• Prompt
Word for word, please copy the listing below, with its pictures left out.

** Data section follows **

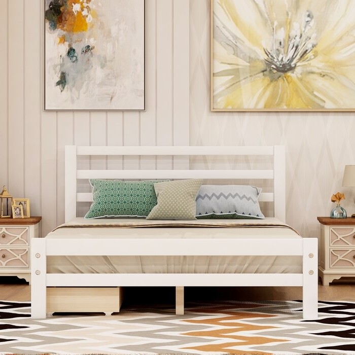 Full size White Low Profile 2 Drawer Storage Platform Bed
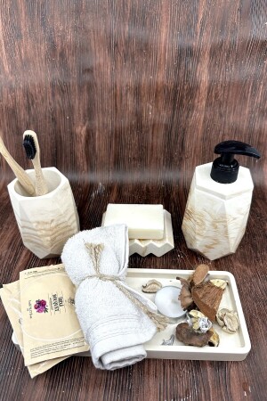 MNZ-4 قطعة مسمارة نمطة الكونكريت حمام مجموعة صبون السائل الصلبة مُزودة فرشاة الأسنان محفظة الصندوق
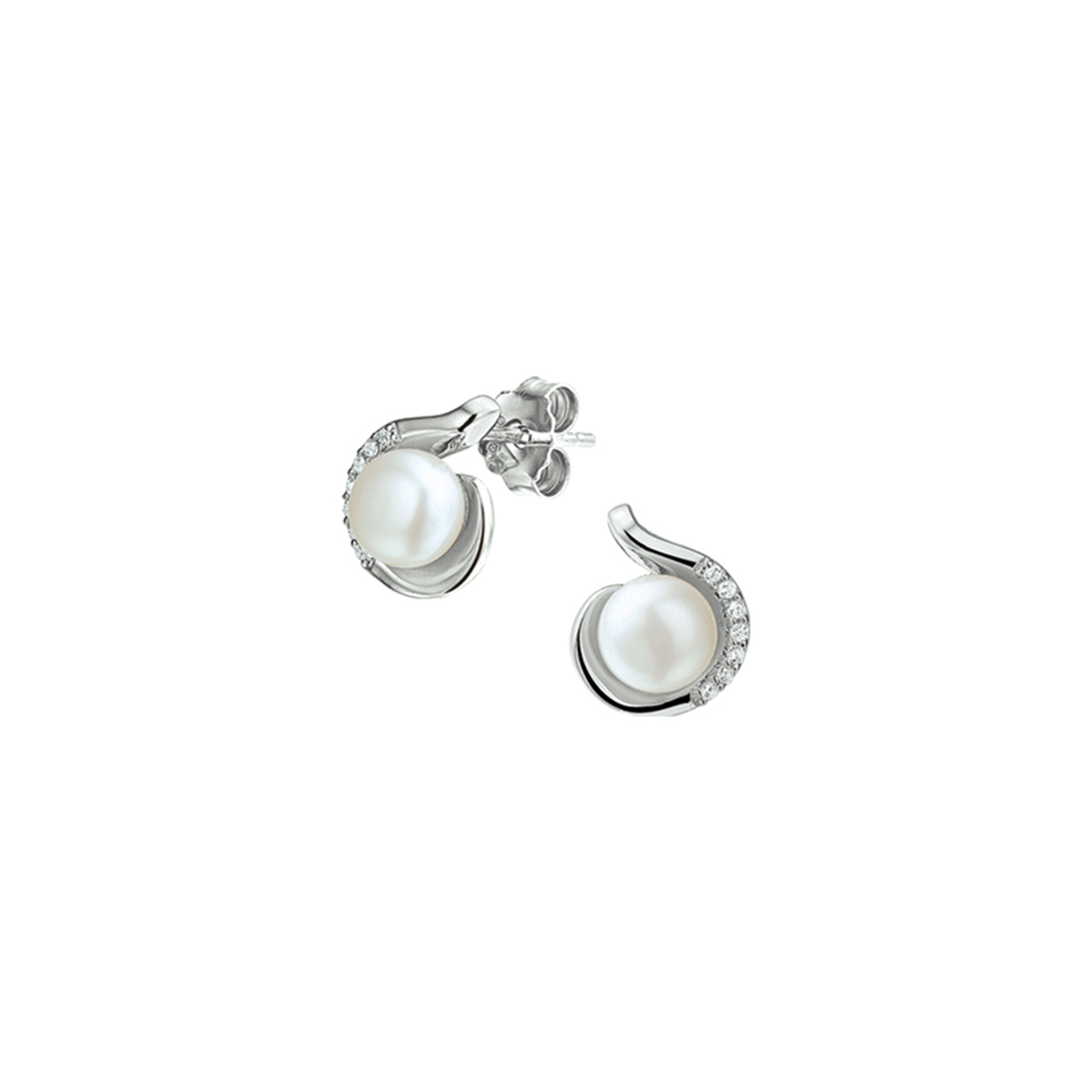 Gerhodineerd zilveren oorknoppen met zirkonia en zoetwaterparel. De oorknoppen zijn onderdeel van een set.

** End of Data section **

• Task response
 Full size White Low Profile 2 Drawer Storage Platform Bed
 MNZ-4 قطعة مسمارة نمطة الكونكريت حمام مجموعة صبون السائل الصلبة مُزودة فرشاة الأسنان محفظة الصندوق
 Gerhodineerd zilveren oorknoppen met zirkonia en zoetwaterparel. De oorknoppen zijn onderdeel van een set.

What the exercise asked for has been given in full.